Amerykański gigant Google nie ma ostatnio łatwego życia na Starym Kontynencie. Trwa właśnie postępowanie przed Komisją Europejską w sprawie praktyk monopolistycznych z powództwa Microsoftu i kilkunastu innych podmiotów, a na horyzoncie pojawiło się już nowe zagrożenie, być może skutkujące o wiele poważniejszymi dla Google konsekwencjami niż największa nawet kara nałożona przez europejskich polityków.

Po ponad dwóch miesiącach dyskusji i negocjacji Google zostało zmuszone do utworzenia we Francji specjalnego funduszu z kapitałem 60 milionów euro. Celem funduszu jest wspomaganie francuskich mediów elektronicznych w ich działalności w Internecie. Jak doszło do tej wydawałoby się kuriozalnej sytuacji?

Otóż, właściciele lokalnych francuskich portali informacyjnych zażądali od Google opłat…za możliwość wyświetlania w wynikach wyszukiwania linków do ich zawartości.
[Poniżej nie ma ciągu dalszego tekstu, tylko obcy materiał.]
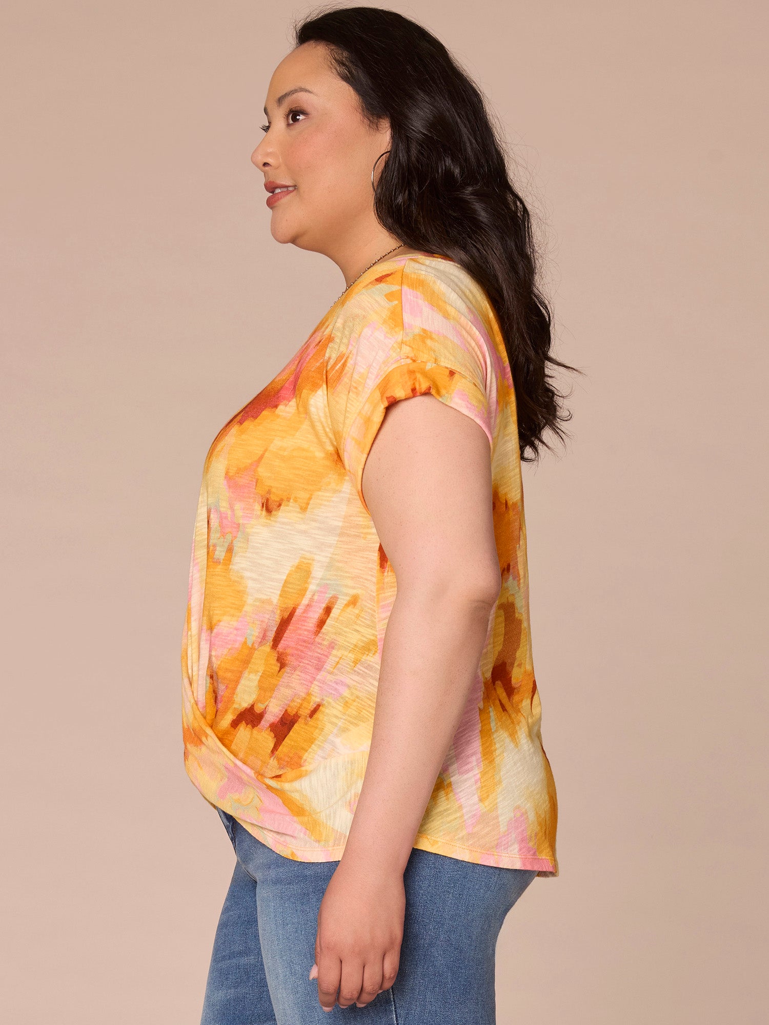 Turn up the brightness in this plus-size twist-front knit tee, made for effortless styling and confidence. The short roll cuff sleeves, scoop neck, and abstract tie-dye print bring playful energy to your everyday.

Akcję wsparł francuski rząd, który zagroził amerykańskiemu gigantowi nałożeniem podatku na zyski osiągane przez Google z tytułu reklam, które są wyświetlane obok poszczególnych wyników wyszukiwania. Początkowo szefostwo Google próbowało bagatelizować problem, a nawet zagroziło, iż ich wyszukiwarka przestanie indeksować strony francuskich portali informacyjnych, co automatycznie oznaczałoby ich brak w wynikach wyszukiwania. Następnie jednak (należy domniemywać, że po dokładnych obliczeniach) Google mocno „spuściło z tonu”, zgadzając się w końcu na utworzenie specjalnego funduszu o którym była mowa na wstępie. Ponadto, amerykańska firma udostępniła dla francuskich portali informacyjnych swoją platformę reklamową na preferencyjnych warunkach.
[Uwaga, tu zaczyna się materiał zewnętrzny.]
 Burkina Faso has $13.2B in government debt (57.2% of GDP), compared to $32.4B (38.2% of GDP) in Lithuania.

Osiągniętym porozumieniem z Google nie omieszkał pochwalić się na Twitterze francuski prezydent Francois Hollande. Napisał, iż „Francja jest dumna z porozumienia, które jest pierwszym tego rodzaju porozumieniem na świecie”. Jak zauważył jeden z analityków z firmy Enders Analysis, cyt. „słowa prezydenta Francji mogą być prorocze. Google podpisując porozumienie stworzył precedens, który może uruchomić lawinę podobnych żądań na całym świecie”.

Wypada zgodzić się ze słowami analityka z Enders Analysis. Z drugiej jednak strony trudno przypuszczać, aby szefowie Google nie byli świadomi tego zagrożenia. Należy stąd wnosić, że bardziej się jednak opłaca podzielić zyskami z osiąganych reklam, niż iść na wojnę ze społecznością internetową.